The following script demonstrates how to use the YOLO and RT-DETRv2 model from the ultralytics
library:
- Loads a pre-trained YOLO/RT-DETR model using a user-provided model checkpoint.
- Displays model details like architecture, layer structure, and parameter count.
- Runs inference on a video file, displaying and saving the results automatically.
Below is a simple inference script using the ultralytics
library and YOLO/RT-DETRv2 model:
from ultralytics import YOLO
from ultralytics import RTDETR
# Load the model
model_path = input("Enter the model (e.g., 'yolo11x.pt', 'rtdetr-x.pt'): ")

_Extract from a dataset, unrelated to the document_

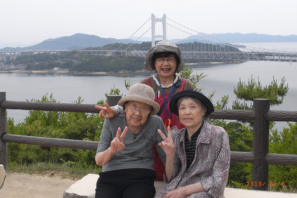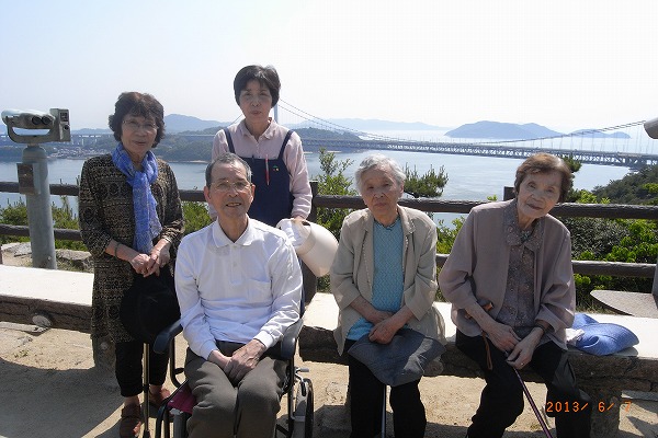 利用者さんの中には瀬戸大橋を造る作業をしていた方がおられ、指を指して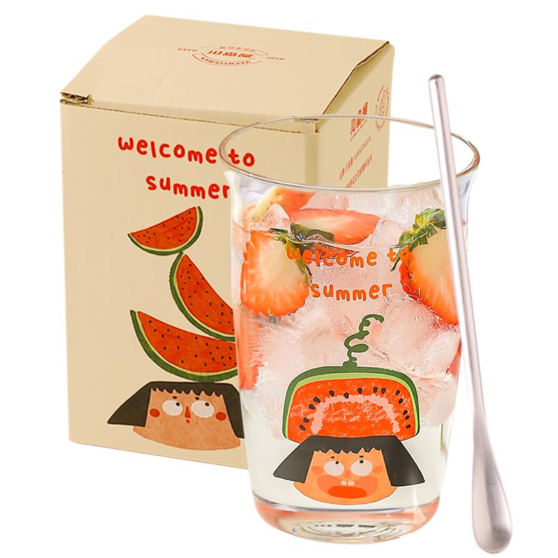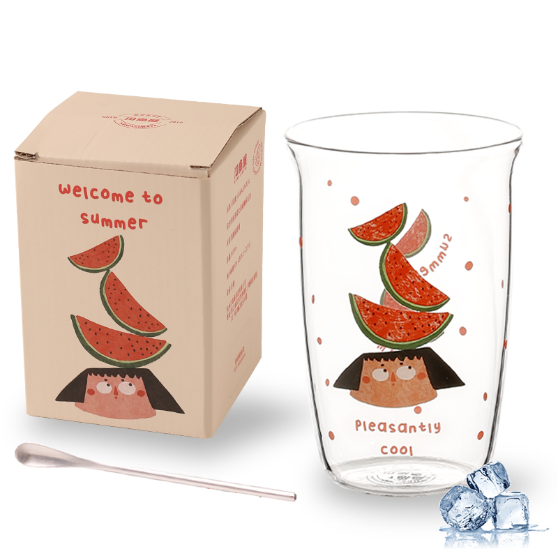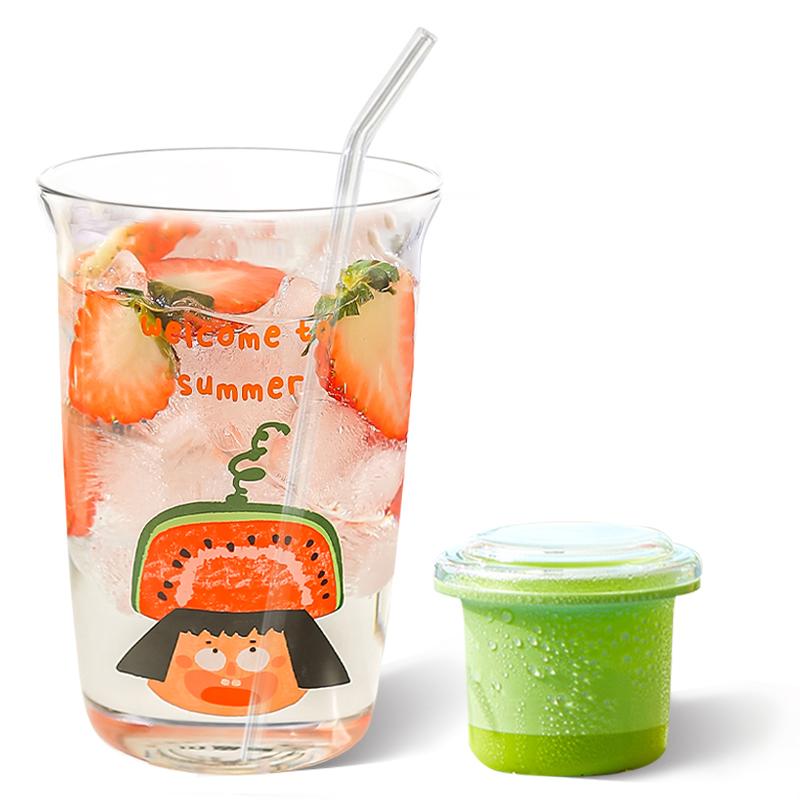 Набор: [Стиль B] Женский стеклянный стакан с арбузом + трубочка + форма для льда

# model = YOLO(model_path) # YOLO
model = RTDETR(model_path) # RT-DETR
# Print model info
model.info()
# Run inference on a video
inference_data_path = input("Enter the path to the video file (e.g., 'highway.mp4'): ")
results = model(inference_data_path, show=True, save=True)
Note: We can replace the input prompts with hardcoded paths if automating the script.
- Save the code above into a file: e.g.,
object_detection_infer.py
- Install the required library:
pip install ultralytics
- Execute the script using:
python object_detection_infer.py
- When prompted, enter your model checkpoint and video file path
The script will display the detection results and save the output video in the same directory.
Each model brings something unique:
- YOLOv8: Best for speed and simplicity. Fully CNN. Anchor-free.
- YOLOv10: Hybrid model that brings open-vocabulary to YOLO.
- YOLO11: Strong backbone with transformer power and label-free fine-tuning.
- YOLO12: DETR-style end-to-end transformer model with high accuracy.
- RT-DETRv2: Efficient DETR variant for real-time, high-accuracy use.